‘That’s just the way I am,’ he says, holding me again, ‘but I’m very, very excited underneath.’
And his eyes are shining.
We cook. Leo has bought a bottle of wine to celebrate. We talk about our work. Leo is worried that his budget won’t be big enough to cover the costs.
‘But you’re getting thirty-five thousand euros!’ I say.
‘You’d be surprised how expensive it is,’ he says, nodding knowingly. This is his fifth public art commission; his second since we got married three years ago. Apart from this he has had three solo exhibitions of his sculpture, as well as a residency at the Irish Museum of Modern Art. No wonder he has problems squeezing in his day job at the college. For me it’s been harder. Leo has a way with people, especially gallery owners, clients and students. They all love and admire him. I don’t have that ease, and I’m constantly distracted. Sometimes I know that Leo is thinking that print-making is somehow less pure than sculpture; that I’m not quite as professional as he is, that maybe I’m just dabbling. I’ve never had a solo show.
‘I’ve a meeting tomorrow with Eliza Wright,’ I say.
‘Wright Gallery?’ he asks.
‘Yes, I sent in a submission, ages ago. She rang me this morning.’
‘That’s great,’ he says.
‘Katie says Eliza likes print.’
‘Katie?’
‘Katie in the studio. You know, Katie Bryan.’
‘Oh, yeah. But how would she know that?’
‘Well, I don’t know . . . she just said so.’
‘I wouldn’t believe a word that girl says, she’s cracked.’
‘Thanks for the encouragement,’ I snap, taking the dishes to the sink.
The mood suddenly changes.
‘I was only telling you that I wouldn’t believe anything that mad Katie says, I’m not saying that Eliza Wright doesn’t like etchings. I think you’ve got a really good chance . . . your stuff is excellent at the moment. Jesus, what’s wrong with you?’

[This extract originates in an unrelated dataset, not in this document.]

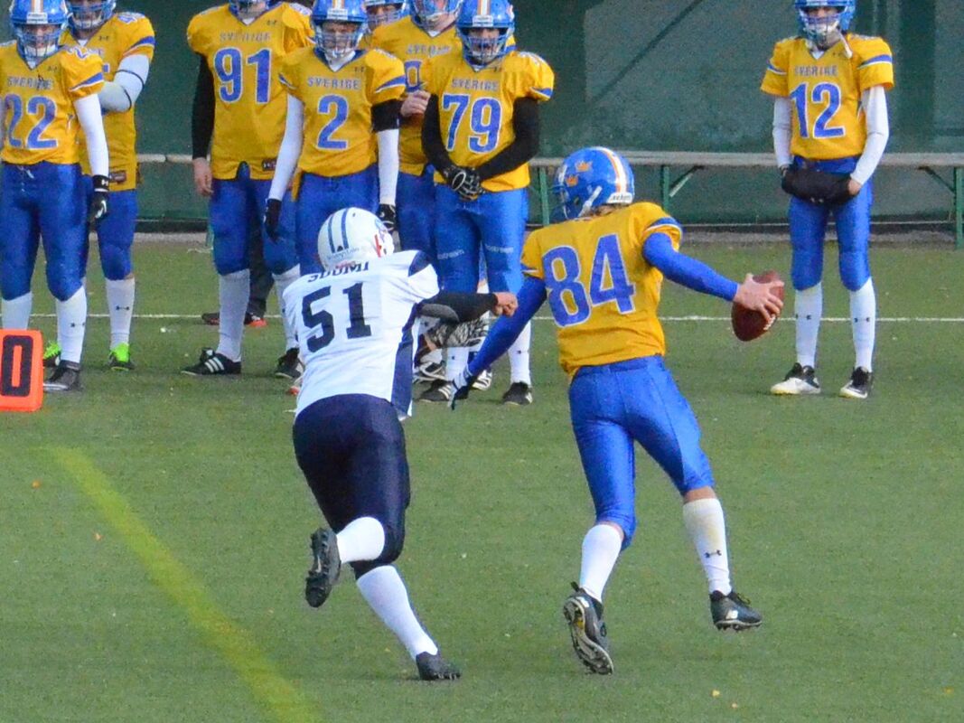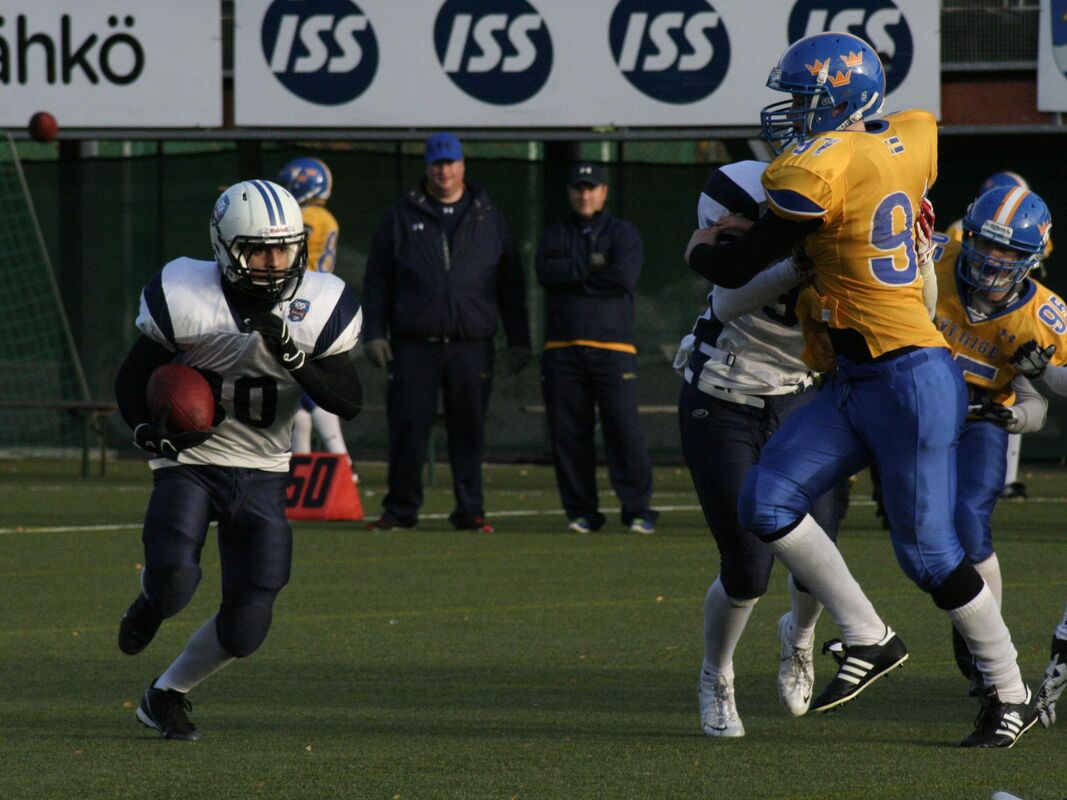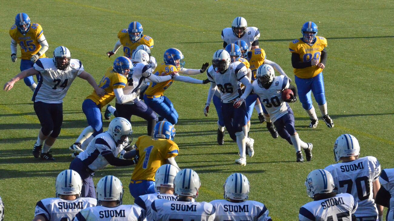 Suomen kehitysjoukkue oli turnauksessa voittamaton. Suomen sisukas Luis Acao oli ensimmäinen vastuunkantaja kun Suomi aloitti hyökkäämään. Joukkue eteni tasaisesti ja pääsi ruotsalaisten kolmen rangaistuksen johdosta 8 jaardin linjalta yrittämään maalintekoa. Joni Lindholm onnistui juoksemaan maalialueelle, mutta kiinnipitorangaistus vei pisteet. Micke Kaarnakarin onnistunut heitto ei aivan riittänyt maaliin asti.Suomi käytti hyökkäyssarjaan lähes kahdeksan minuuttia peliajasta. Suomen puolustus oli terävänä ensimmäisen kerran astuessaan kentälle ja pysäytti Ruotsin kolme hyökkäysyritystä. Suomi pyrki juosten kohti maalia, mutta Ruotsin puolustus onnistui yritys yritykseltä paremmin Suomen tavaramerkin linjaläpijuoksujen pysäyttämisessä. Suomi eteni ensimmäisellä puoliskolla 29 jaardia. Toisella neljänneksellä näyttämöllä esiintyi pääosissa molempien joukkueiden puolustukset. Ruotsi oli kentällä ainoastaan 13 hyökkäysyritystä. Suomen tukimies Tino Hietala teki aktiivisesti taklauksia. Puoliaikatilastoksi kirjattiin 0-0. Nooa Hirvonen aloitti toisen pelijakson mahtavalla kolaustaklauksella Suomen aloituspotkujoukkueessa. Ruotsin kohtuullisen hyökkäysvireen katkaisi Suomen linjapuolustaja Dennis Ilmelä, joka pääsi ensimmäisenä pelinrakentajalta tipahtaneen pallon kimppuun. Suomi hyökkäsi 25 jaardin linjalta sisukkaasti, mutta vailla tulosta. Pelinrakentajksi vaihtunut Heikki Toivola heitti vaikeaan paikkaan ja Ruotsi katkaisi heiton.

‘Nothing . . . I’m just nervous.’
‘Come here,’ he says.
He holds out his arms and folds me into him. I am still annoyed but I let him pull me to him, and gradually my hostility ebbs away. I turn my face up to him. We kiss for a long time.
He leads me by the hand.
‘The washing-up . . .’ I begin.
‘Fuck the washing-up, let’s go to bed.’
I let him take me through the kitchen, into the sitting room and up our tiny little staircase into our loft. This is where we sleep. The lamp is on and it casts a golden glow around our den.
Safe is our bedroom. The walls are painted an ever so pale lilac; ‘Spirit’ on the can. We have a giant-sized futon, piled with a billowing duvet and opulent throws picked up on our honeymoon in India. There is only one painting in here – it is by Noreen, a friend, and is called In Anima Vitae – The Aran Kiss. A man, half human, half nymph, cradles his lover’s head; her white arms reach up and touch his black, curly hair, as her own red glory tumbles and dissolves into their surroundings. Tiny white daisies frame the couple as little fish dart by.
Leo holds me, and I feel like this woman. I am completely in his grasp. My devotion is fragile, but now utmost. Maybe he senses this, as we slowly fall back onto the futon, as if in slow motion, and gently peel our clothing off. Naked, we rub our bodies against each other, until we are both brimming with expectation. I reach over to get the condoms out of the locker, but Leo puts his hand over mine and stops me.
‘What do you think?’ he whispers to me.
I freeze, shaking my head.
‘No, not this time, Leo, I’m not ready.’
‘Eithne, I love you – I want us to be a family.’
My body tugs at me to let him in, but my fear is stronger.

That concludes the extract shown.